# ArcCosqq

ArcCosqq is holomorphic function defined with

$$\text{acosqq}(z)=\text{acosq}(z)\, \tan\!\!\big( \text{acosq}(z) \big)$$

through functions acosq (or ArcCosq) expressed with

$$\text{acosq}(z)=\text{acosq}\big( \mathrm e ^{\mathrm i \pi /4}\, z \big)$$

which is ArcCosc of argument rotated for the phase quarter of $$\pi$$. Namely this phase appears in the application for the atom optics, for channelling of particle between absorbing walls.

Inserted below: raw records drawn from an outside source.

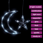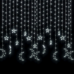 The star and moon fairy light is perfect for use as a lighting addition to any decorative project. It is suitable for Christmas, parties, weddings and other holidays. The curtain light is equipped with 345...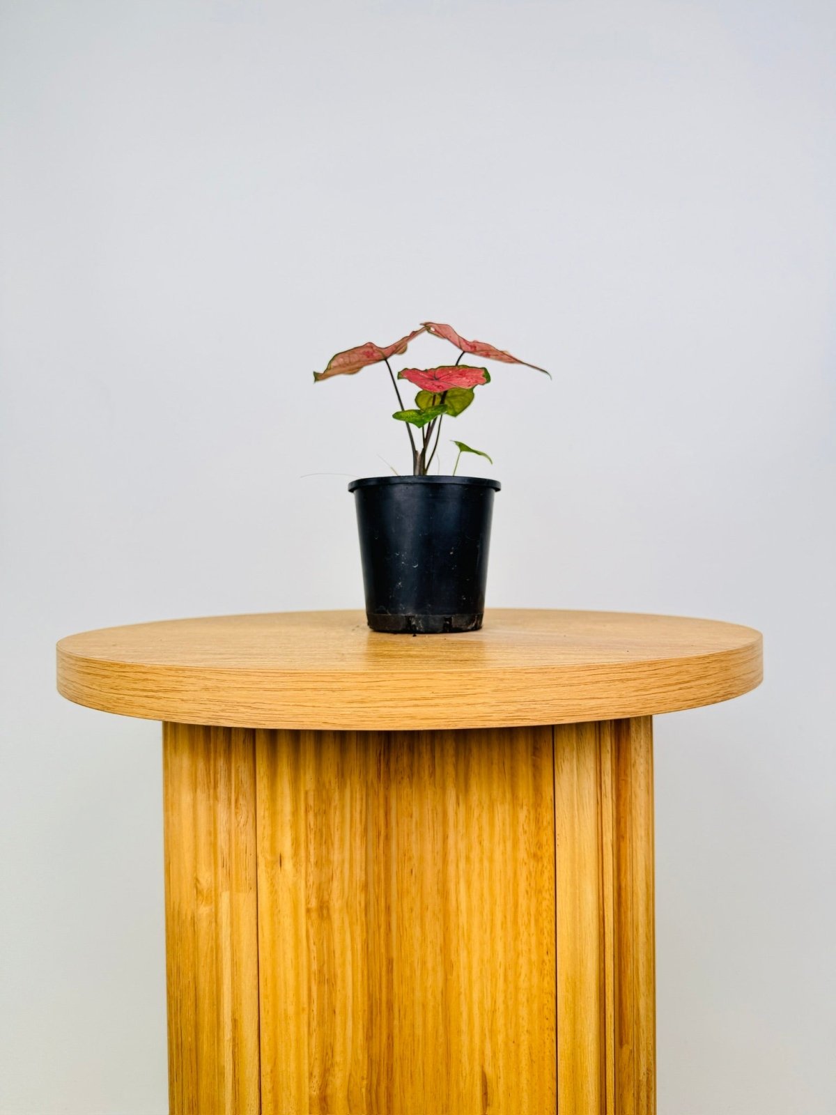 Caladium bicolor ‘The Scarlet Girl’ is a bold and vibrant variety that lives up to its name, with dazzling pink leaves. Its rich tropical tones make it an instant statement piece, perfect for adding colour and warmth to shaded gardens or bright indoor spaces.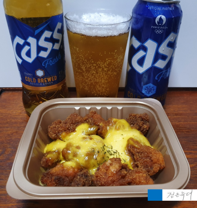 치킨 닭강정과 카스 맥주의 콜라보제품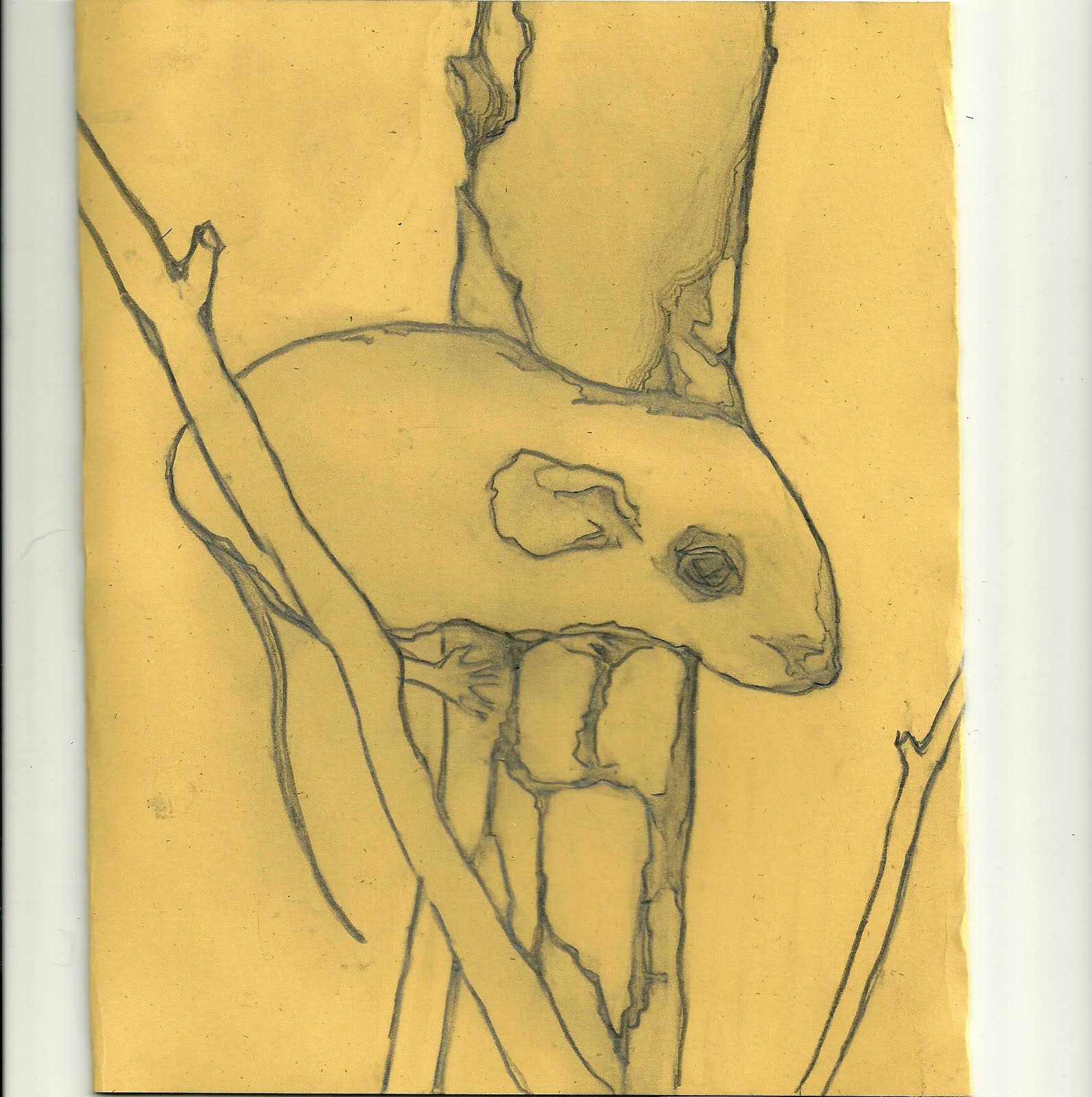 This little deer mouse was fun to draw. It was a pretty dull drawing (and, content-wise, it still is) until I realized that I had been looking at bark for my whole dang life and that I could probably draw it. I could detail the drawing more, but that’d just make it look like high-school art. Terrified of negative space.
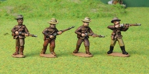 The Pioneer Column were the first troops sent into Matabeleland by Cecil Rhodes. In 1890 this column passed through Matabeleland without fighting and set up a new colony in Mashonaland on the Matabele border. These figures can be used as Pioneer Corp or can represent a member of the original Corp wearing his jacket during the Matabele War in 1892. The jacket is the type favoured by irregular units throughout the late Victorian period, so these figures can represent lots of different troops throughout the Empire.

acosc or ArcCosc is inverse function of cosc,

$$\displaystyle \text{cosc}(z)=\frac{\cos(z)}{z}$$

Graphic of the real part and that of the imaginary part of the function ArcCosqq of real argument are shown in the figure. While the argument approaches zero, functions ArcCosc and ArcCosq approach $$\pi/2$$, and the Tangent in definition of ArcCosqq provides the singularity; so, the real part at zero becomes infinite.

## Application

Function ArcCosqq expresses the decay of the atomic mode outside the channel, while function ArcCosq expresses the transversal wavenumber of this mode inside the channel. The argument of these functions has sense of the normalized damping of the atomic wave in the absorbing region.